Keep in mind that MR attracts a disproportionate share of techies, programmers, and high-end users and, thus, predictably, abounds in calls for and echoes of, many echoes of, 16GB+ as being absolutely essential along with the repeated decrying, ad infinitum ad nauseum, of 8GB as inadequate, ridiculous, definitely not enough, a travesty, and an embarrassment.

Such assailing of Apple, however, has an amusing, wonderfully ironic effect — it makes more casual MR readers and consumers nervous and, out of fear, ending up needlessly spending $200 or $400 extra on more RAM when they didn't need to!

Bottom line, though. Haven't we flogged this topic sufficiently? One of these threads should be turned into a sticky and whenever the topic comes up, just refer people to it! 😁
 
It depends. If you just do web browsing, email, documents, listening to music and watching streaming video platforms, then yes, 8 GB should definitely be enough. But if you multitask a lot, play games, and/or do digital media creation (audio and/or video editing, digital artwork, animation, etc.) then you'll definitely want at least 16 GB of RAM. My M1 MacBook Air has 16 GB, and it handles all of that very well.
 
It's fine for the millions of Apple customers who have minimal/modest computing needs (web surfing, email, music, simple spreadsheets, messages, Notes, calculator, Pages, looking at photos, etc).
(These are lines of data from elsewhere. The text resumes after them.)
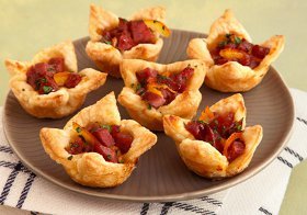 A perfect party food to serve as a game day snack, these Smokey Sausage Bites feature spicy sausage with a mouthwatering mustard sauce. Served in a flaky puff pasty cup, they are truly addictive. Don't just serve your guests chips and dip, go the extra mile and score a touchdown with these fantastic cute little bites. They'll be gone before you even know it.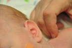Just before 4pm, the staff came in and removed the tube. Liam has had the tube in place since just after he was born and still at Parker hospital, so we knew that there would be a learning curve for him in order to be able to breath on his own. Oh, I totally forgot a really big part of the day….the EEG. We met this morning with the Neurologist and had some discussions on Liam’s seizures and the treatment. They said that they are essentially at a stopping point with the treatment for the seizures. Not stopping the medications, but not able to give much more or a different type. That in conjunction with the sort of seizures that Liam is having, lead us to decide that he didn’t need to be on the EEG anymore. Liam continues to have seizures, but they are non-clinical (meaning that you can’t see them) and they are enough under control to merit removing the monitoring system. Once the EEG was removed, the cleaning began. If someone out there is smart enough to invent an industrial strength cleaning product that is both environmentally and baby friendly, you could make a fortune with hospital contracts. Cleaning off the conductive gel and the marker from the lead placements was a task and challenge in it’s own right. However, the silver lining to the cleaning was that we actually got to clean Liam. It was our first time able to do that for him at all, and it felt really good to do.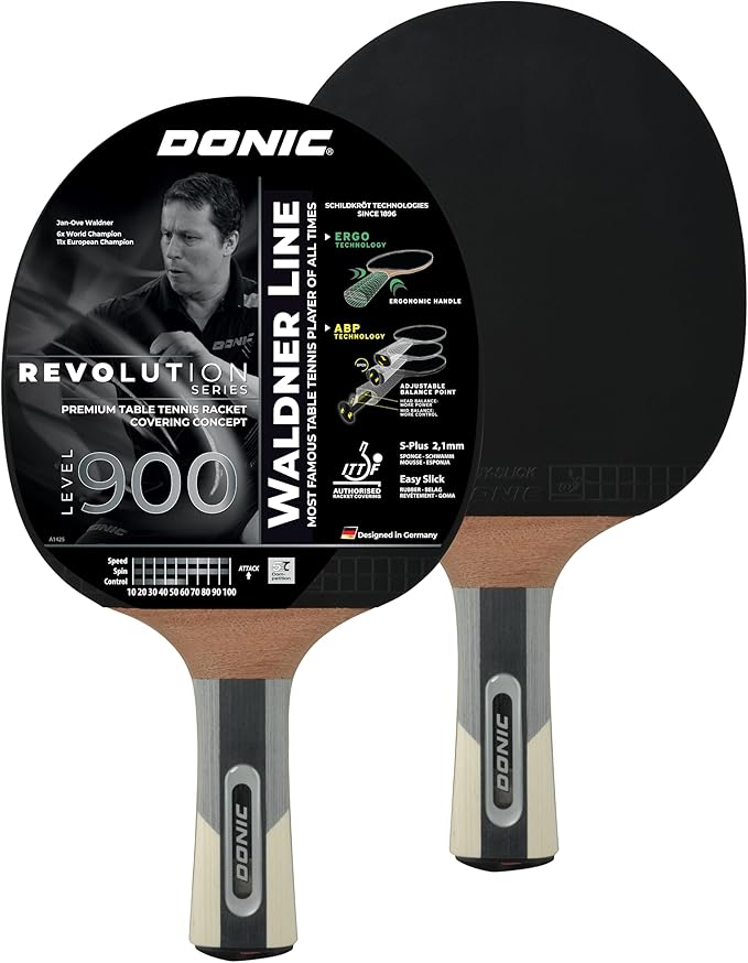 High-quality 900-level table tennis racket with a concave handle (for secure grip) and exclusive techniques for casual and offensive players.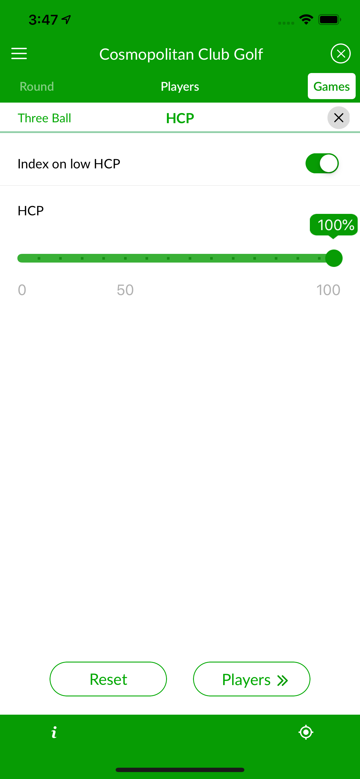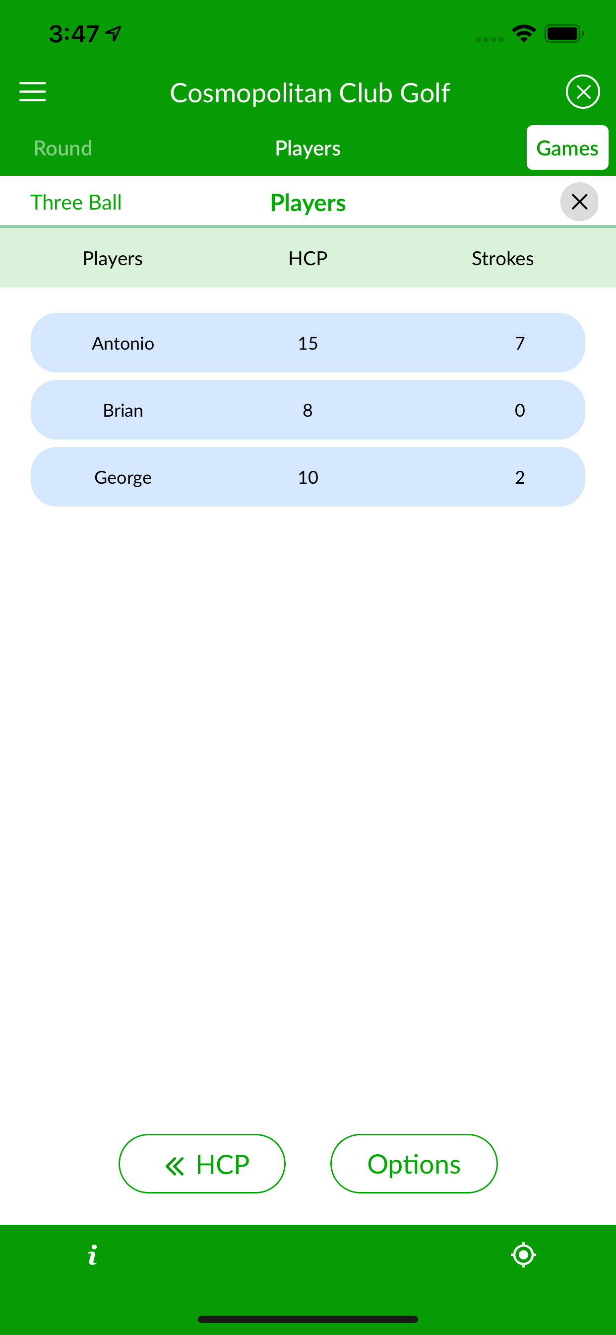 With the Teams options, in every hole, there is a three-way team match where each player belongs to two teams. The members of the team with the lowest aggregate score each get a point and the player with the most points at the end of the round wins the match bet. There are three teams competing—the first team with Players A and B, the second team with Players A and C and the third team with Players B and C. The team with the lowest net aggregate score wins the hole and each member gets one point. No points are awarded for ties. For example, if Team 1 is Player A and B, Team 2 is Player A and C, and Team 3 is Player B and C, then, if Player A’s net score is 3, Player B’s net score is 4, and Player C’s net score is 5: The Team 1 score will be 7, the score for Team 2 will be 8, and Team 3 score will be 9. Team 1 wins the hole, so Player A and Player B get one point each.

Need more memory because you're doing complex stuff (Photoshop, Affinity Publisher, Lightroom, Blender, DaVinci Resolve, etc)? No problem. Simply pay for it.

Apple makes computers for everyone.
 
For a Walmart PC? Yes.
For a Mac at Apple's pricing? No.
Apple prices the entry-level Mac lower than many of their iPhones. Why don't we complain about how much RAM is in the iPhone?

Seriously, why don't people complain that iPhones don't come with 16 or 23 GB of RAM? I think because the iPhone works well-enough with whatever RAM it ships with. But why does that explanation not work on a Mac?

After all, most Macs are used for Youtube and Amazon. A webbrowser is the only app most users use.